YOUR ASSIGNMENT: Pictures should be left out when the listing below is repeated word for word.

DATA FOR PROCESSING:
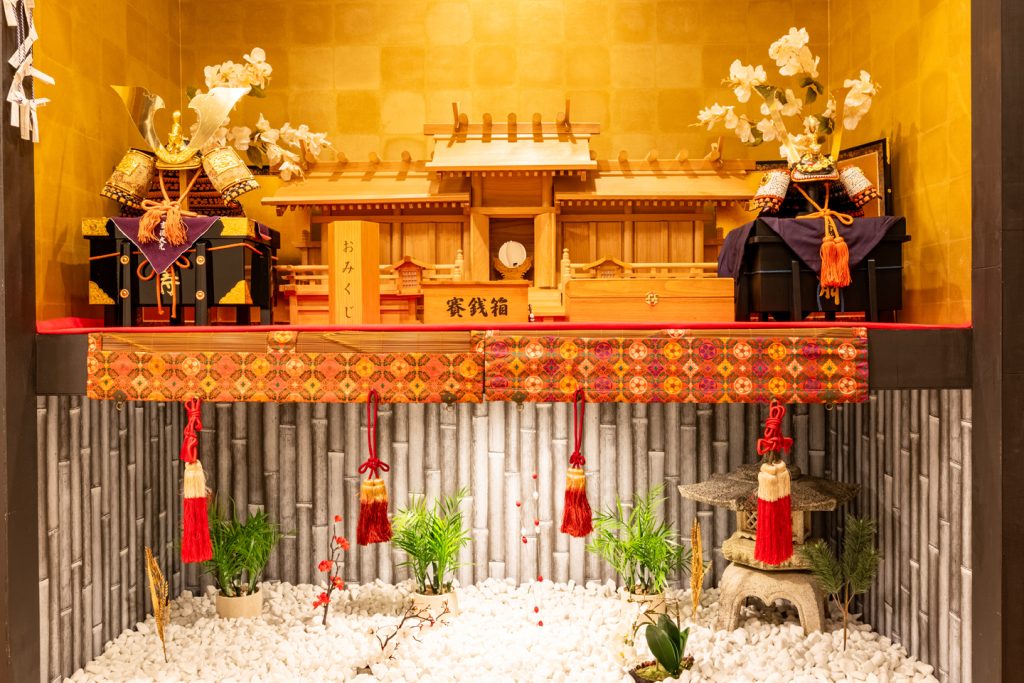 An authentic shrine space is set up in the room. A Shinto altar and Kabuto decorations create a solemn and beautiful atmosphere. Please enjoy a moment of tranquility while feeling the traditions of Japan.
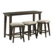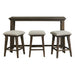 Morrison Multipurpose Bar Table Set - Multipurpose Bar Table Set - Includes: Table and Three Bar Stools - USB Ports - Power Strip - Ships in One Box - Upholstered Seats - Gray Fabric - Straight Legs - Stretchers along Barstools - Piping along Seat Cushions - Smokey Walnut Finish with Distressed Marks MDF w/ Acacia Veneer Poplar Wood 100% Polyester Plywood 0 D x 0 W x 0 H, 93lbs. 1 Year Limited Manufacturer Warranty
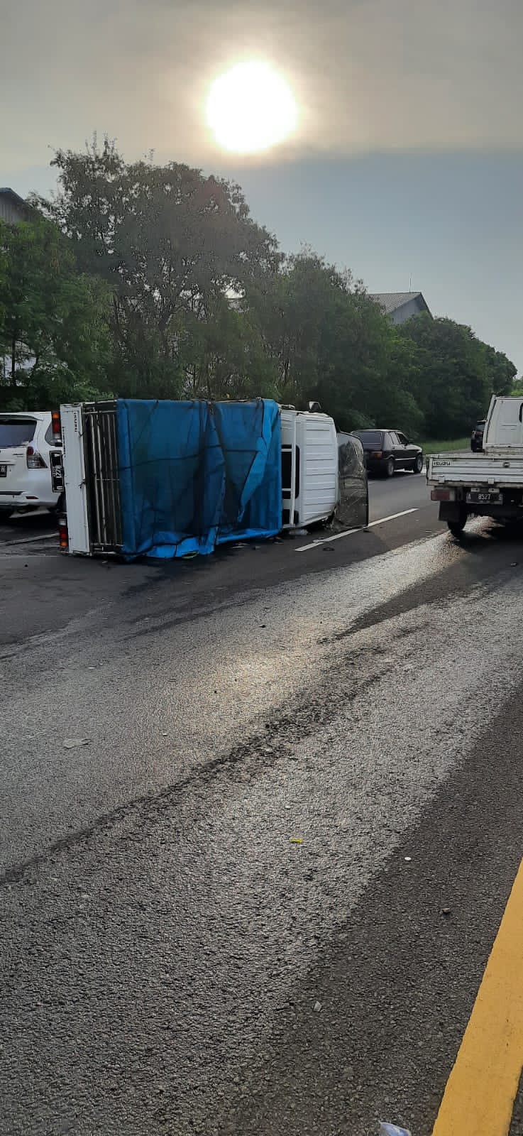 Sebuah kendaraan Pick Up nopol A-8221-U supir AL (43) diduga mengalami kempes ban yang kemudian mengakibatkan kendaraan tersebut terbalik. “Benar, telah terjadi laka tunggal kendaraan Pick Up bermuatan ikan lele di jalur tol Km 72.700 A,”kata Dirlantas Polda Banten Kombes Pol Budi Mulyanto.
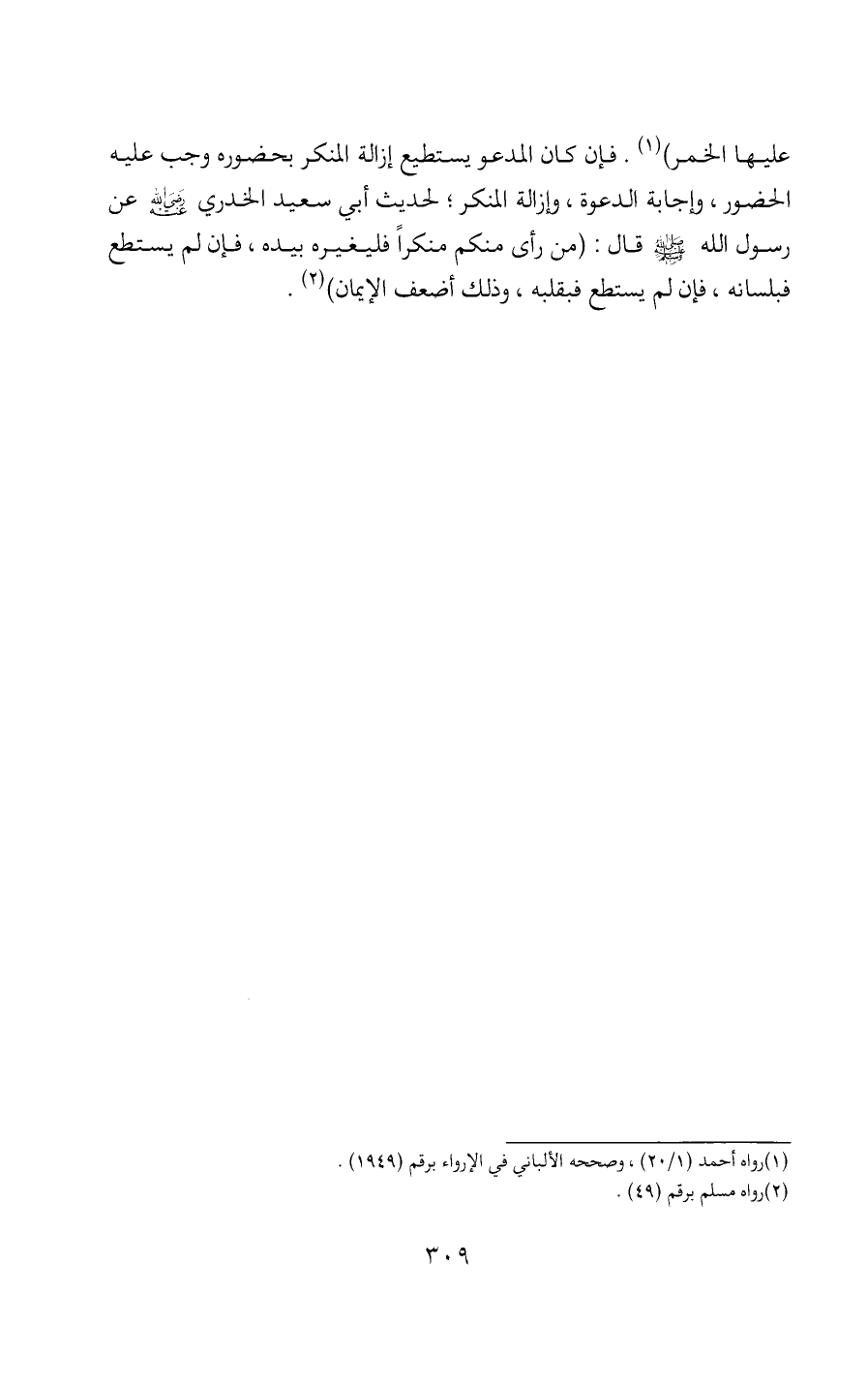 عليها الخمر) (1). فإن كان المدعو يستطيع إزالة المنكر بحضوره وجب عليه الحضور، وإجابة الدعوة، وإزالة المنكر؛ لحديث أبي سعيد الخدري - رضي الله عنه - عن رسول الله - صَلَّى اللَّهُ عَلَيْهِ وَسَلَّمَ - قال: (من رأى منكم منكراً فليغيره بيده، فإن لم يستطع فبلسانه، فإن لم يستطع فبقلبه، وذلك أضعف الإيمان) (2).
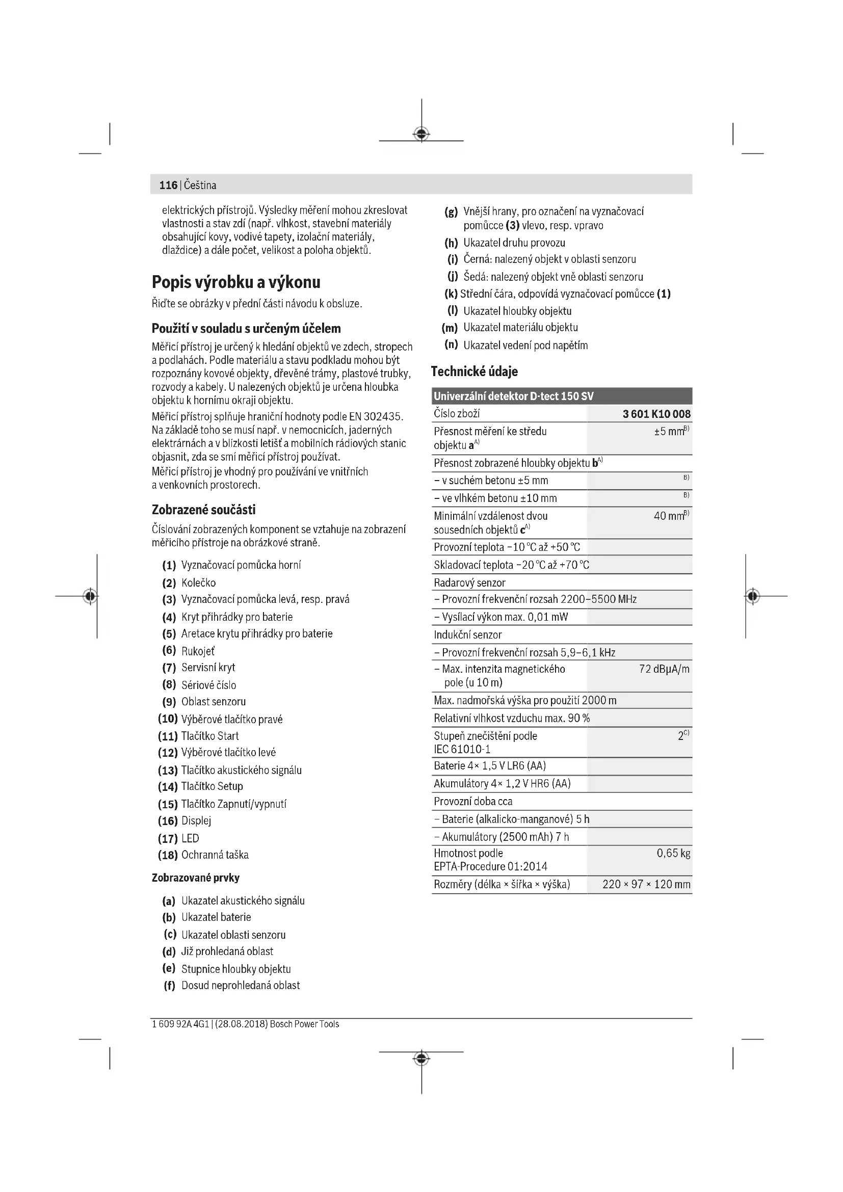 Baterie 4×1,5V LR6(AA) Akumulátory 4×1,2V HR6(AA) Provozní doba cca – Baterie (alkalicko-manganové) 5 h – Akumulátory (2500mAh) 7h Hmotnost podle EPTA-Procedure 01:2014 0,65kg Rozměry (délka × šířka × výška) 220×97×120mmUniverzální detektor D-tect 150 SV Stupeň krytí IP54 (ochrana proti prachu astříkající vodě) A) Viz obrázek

OUTPUT:
 An authentic shrine space is set up in the room. A Shinto altar and Kabuto decorations create a solemn and beautiful atmosphere. Please enjoy a moment of tranquility while feeling the traditions of Japan.
 Morrison Multipurpose Bar Table Set - Multipurpose Bar Table Set - Includes: Table and Three Bar Stools - USB Ports - Power Strip - Ships in One Box - Upholstered Seats - Gray Fabric - Straight Legs - Stretchers along Barstools - Piping along Seat Cushions - Smokey Walnut Finish with Distressed Marks MDF w/ Acacia Veneer Poplar Wood 100% Polyester Plywood 0 D x 0 W x 0 H, 93lbs. 1 Year Limited Manufacturer Warranty
 Sebuah kendaraan Pick Up nopol A-8221-U supir AL (43) diduga mengalami kempes ban yang kemudian mengakibatkan kendaraan tersebut terbalik. “Benar, telah terjadi laka tunggal kendaraan Pick Up bermuatan ikan lele di jalur tol Km 72.700 A,”kata Dirlantas Polda Banten Kombes Pol Budi Mulyanto.
 عليها الخمر) (1). فإن كان المدعو يستطيع إزالة المنكر بحضوره وجب عليه الحضور، وإجابة الدعوة، وإزالة المنكر؛ لحديث أبي سعيد الخدري - رضي الله عنه - عن رسول الله - صَلَّى اللَّهُ عَلَيْهِ وَسَلَّمَ - قال: (من رأى منكم منكراً فليغيره بيده، فإن لم يستطع فبلسانه، فإن لم يستطع فبقلبه، وذلك أضعف الإيمان) (2).
 Baterie 4×1,5V LR6(AA) Akumulátory 4×1,2V HR6(AA) Provozní doba cca – Baterie (alkalicko-manganové) 5 h – Akumulátory (2500mAh) 7h Hmotnost podle EPTA-Procedure 01:2014 0,65kg Rozměry (délka × šířka × výška) 220×97×120mmUniverzální detektor D-tect 150 SV Stupeň krytí IP54 (ochrana proti prachu astříkající vodě) A) Viz obrázek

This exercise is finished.